§ **EXERCISE OBJECTIVE**
With every picture left out, give the data below back exactly.

§ **GIVEN MATERIAL**
--------------------------------

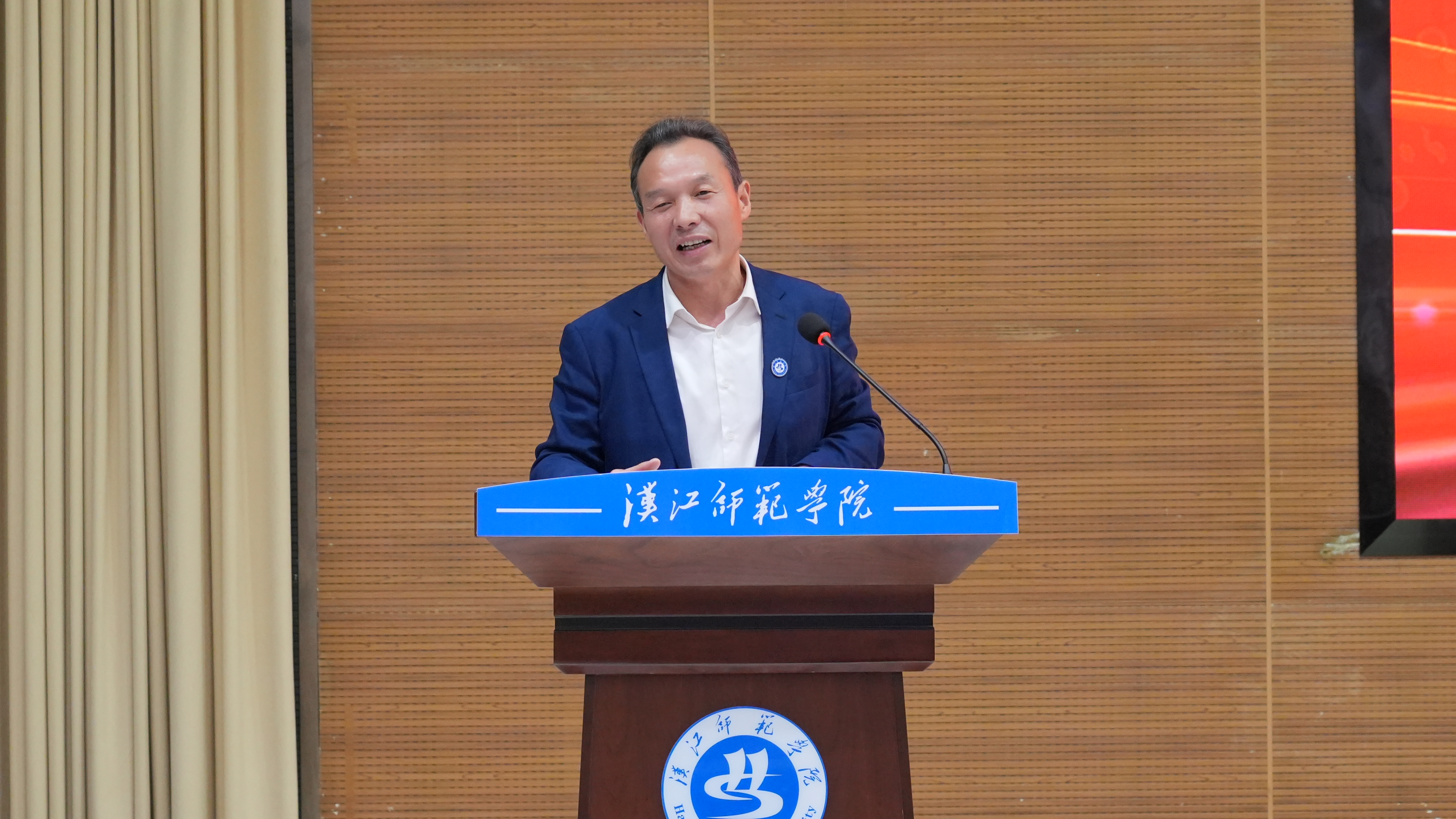 校党委副书记周明华向新生致以热烈欢迎,并宣读军训优秀学员名单。针对“如何度过有意义的大学生活”,他提出三点建议:一是秉持“时时不懈怠”的责任心,以长期主义打磨专业基本功——正如学院民乐团二十年来扎根地方文化、深耕道乐演绎,同学们需始终保持热情,对自己、对专业、对社会负责;二是心怀“处处扎根大地”的使命感,与祖国发展同频共振——艺术不应局限于“象牙塔”,学院已与十堰市相关部门共建研究中心,持续开展地方文化服务项目,希望同学们主动走进群众,创作出有生命力的作品;三是扛起“创艺术佳品”的担当,以青春锐气书写成长篇章——此前学院师生曾共同克服困难,创作南水北调中线工程主题长卷,作品获得广泛赞誉,期待同学们延续这份执着,勇于探索艺术新路径,打磨更多精品。
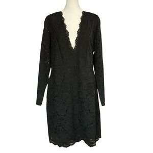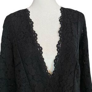 H&M Black Lace Bodycon Deep V-neck Mini Dress Long Sleeves (Size 14)
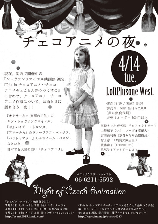 現在、関西で開催中の『シュヴァンクマイエル映画祭2015』、『This is チェコアニメ〜チェコアニメをとことん語りつくす会』に合わせ、チェコアニメ、チェコアニメ作家について、お酒と共に語り合う一夜!!
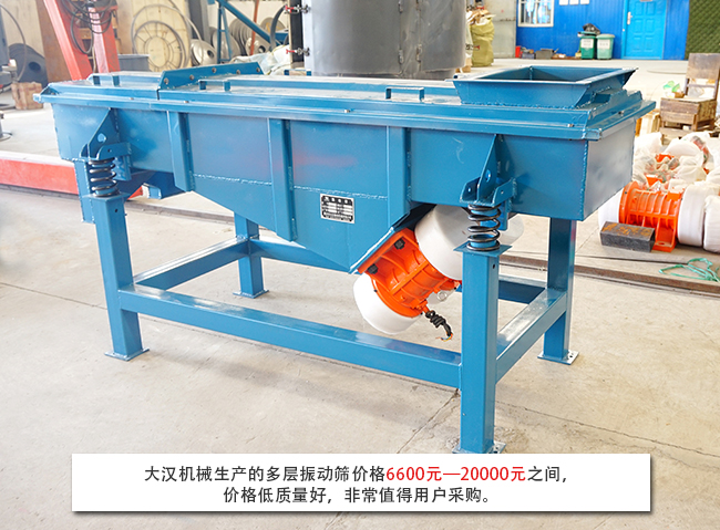 隨著生產節奏的加快,單層直線振動篩已經完全無法滿足生產需求,多層直線振動篩就是由直線振動篩改造升級的一款高效篩分設備。多層直線振動篩可以將物料分級為多種規格,實現一次投料出多種規格物料,可以有效節省時間成本。由于不同廠家生產的多層直線振動篩型號、生產工藝等不同,所以就導致市場上多層直線振動篩價格不一,那么一臺多層直線振動篩一般都多少錢呢?大漢小編將為您解答:

--------------------------------

§ **WRITTEN REPLY**
 校党委副书记周明华向新生致以热烈欢迎,并宣读军训优秀学员名单。针对“如何度过有意义的大学生活”,他提出三点建议:一是秉持“时时不懈怠”的责任心,以长期主义打磨专业基本功——正如学院民乐团二十年来扎根地方文化、深耕道乐演绎,同学们需始终保持热情,对自己、对专业、对社会负责;二是心怀“处处扎根大地”的使命感,与祖国发展同频共振——艺术不应局限于“象牙塔”,学院已与十堰市相关部门共建研究中心,持续开展地方文化服务项目,希望同学们主动走进群众,创作出有生命力的作品;三是扛起“创艺术佳品”的担当,以青春锐气书写成长篇章——此前学院师生曾共同克服困难,创作南水北调中线工程主题长卷,作品获得广泛赞誉,期待同学们延续这份执着,勇于探索艺术新路径,打磨更多精品。
 H&M Black Lace Bodycon Deep V-neck Mini Dress Long Sleeves (Size 14)
 現在、関西で開催中の『シュヴァンクマイエル映画祭2015』、『This is チェコアニメ〜チェコアニメをとことん語りつくす会』に合わせ、チェコアニメ、チェコアニメ作家について、お酒と共に語り合う一夜!!
 隨著生產節奏的加快,單層直線振動篩已經完全無法滿足生產需求,多層直線振動篩就是由直線振動篩改造升級的一款高效篩分設備。多層直線振動篩可以將物料分級為多種規格,實現一次投料出多種規格物料,可以有效節省時間成本。由于不同廠家生產的多層直線振動篩型號、生產工藝等不同,所以就導致市場上多層直線振動篩價格不一,那么一臺多層直線振動篩一般都多少錢呢?大漢小編將為您解答:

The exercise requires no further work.